The letter from former staffers that set the summit in motion touted the “unique camaraderie” that existed within Sanders’ 2016 team and said their request to meet over the allegations had been spawned by “an ongoing conversation on social media, in texts, and in person, about the untenable and dangerous dynamic that developed during our campaign.” Among the stated goals: their hopes of “mitigating the issue in the upcoming presidential cycle — both in the primary and potential general elections campaigns for 2019 and 2020.”
The Friends of Bernie Sanders, his campaign committee, in a statement on December 30 thanked “the signers of the letter for their willingness to engage in this incredibly important discussion” and listed steps — including new reporting structures and a 1-800 number for staffers who needed to lodge private complaints — the organization had taken during Sanders’ 2018 Senate re-election campaign to install “more robust policies and processes regarding discrimination and harassment.”
After the New York Times published a report days later detailing allegations of sexual harassment and pay disparities on the campaign, the committee again responded by saying it “does not and will not tolerate harassment or discrimination of any kind.”
That night, January 2, Sanderspledged in an interview with CNN’s Anderson Cooper that, if he were to run again, “We will do better next time.”
But in denying any knowledge of the allegations during the 2016 campaign, Sanders said that he “was a little bit busy running around the country trying to make the case” — a response critics viewed as flip and allies worried would overshadow his apology. Eight days later, after an aide who worked in multiple states for the 2016 campaign was accused of forcibly kissing a woman who had previously worked for him, Sanders apologized again, this time addressing the allegations at the end of a news conference on Capitol Hill.
First he thanked “from the bottom of my heart” the women who were “harassed or mistreated” for speaking out, then — this time in greater detail — spoke about his regrets.

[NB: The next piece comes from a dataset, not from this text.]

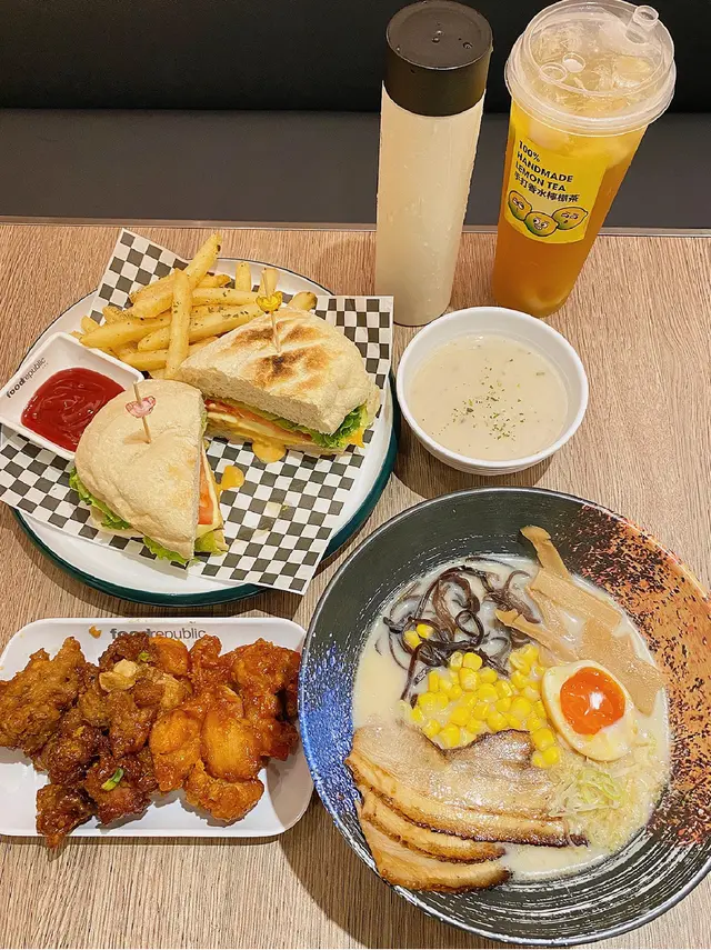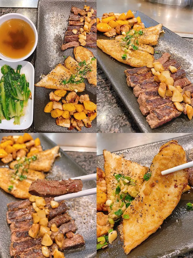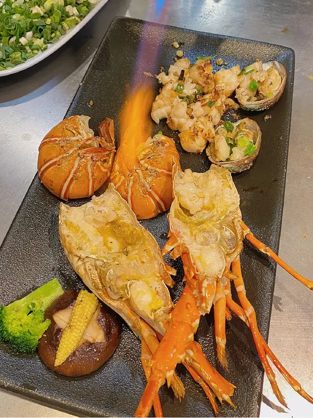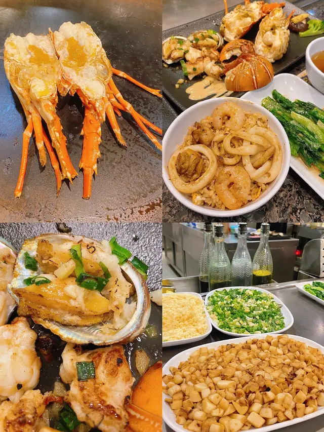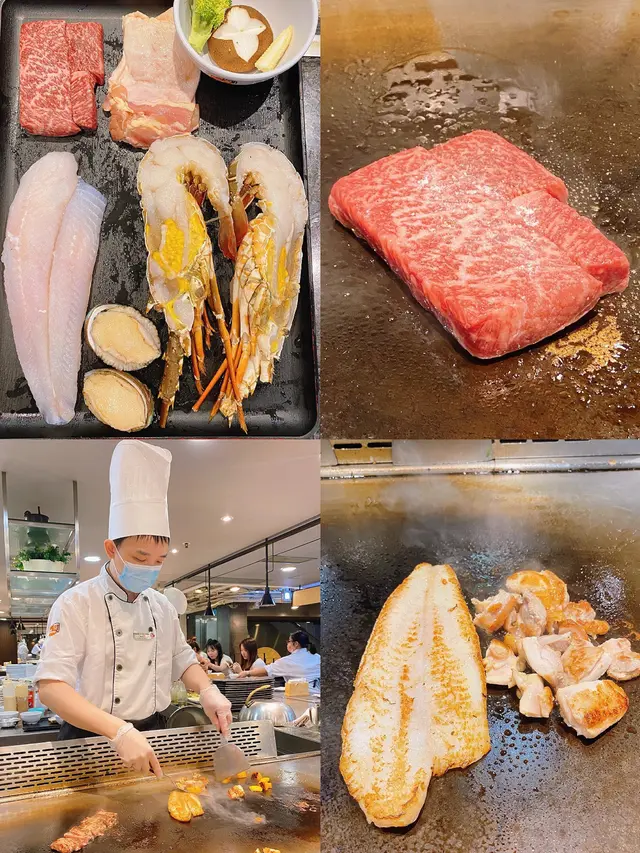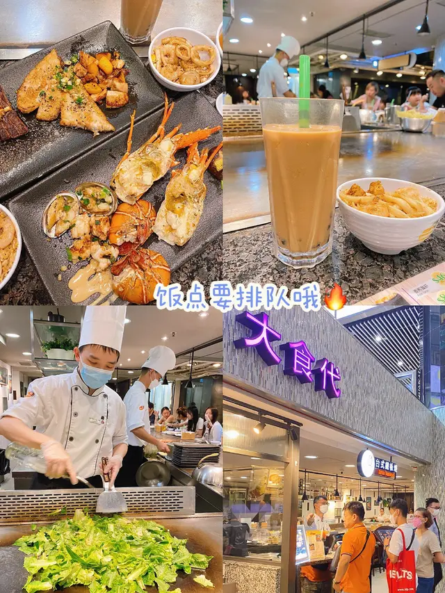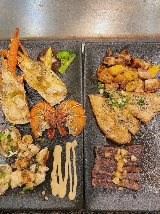 美食广场太多选择,直到看到这个豪华版套餐,完全走不动了!A5和牛配整只龙虾,鸡扒/龙利鱼/鲍·鱼,海陆空全整齐了。饭点全是人,三个铁板同时开工🔥师傅的铁板烧功力相当了得,炒的热气腾腾有滋有味!食材太新鲜了,现做现烧,和牛相当惊艳火候控制的很好,龙虾鲍鱼肉质弹牙鲜甜,用黄桃炒鸡还是首次吃,桃子的甜味全部挥发在鸡肉里,再来蔬菜和汤压一压吃完不怕上火了。自选海鲜/和牛炒饭,我的海鲜炒饭料太足,铺满虾仁扇贝和鱿鱼🦑附赠饮品,台式奶茶太好喝啦🥤

“What they experienced was absolutely unacceptable, and certainly not what a progressive campaign or any campaign should be about,” Sanders said. “When we talk about — and I do all of the time — ending sexism, and ending all forms of discrimination, those beliefs cannot just be words. That, they must be based in day to day reality and in the work that we do. And that was not the case, clearly not the case, in the 2016 campaign.”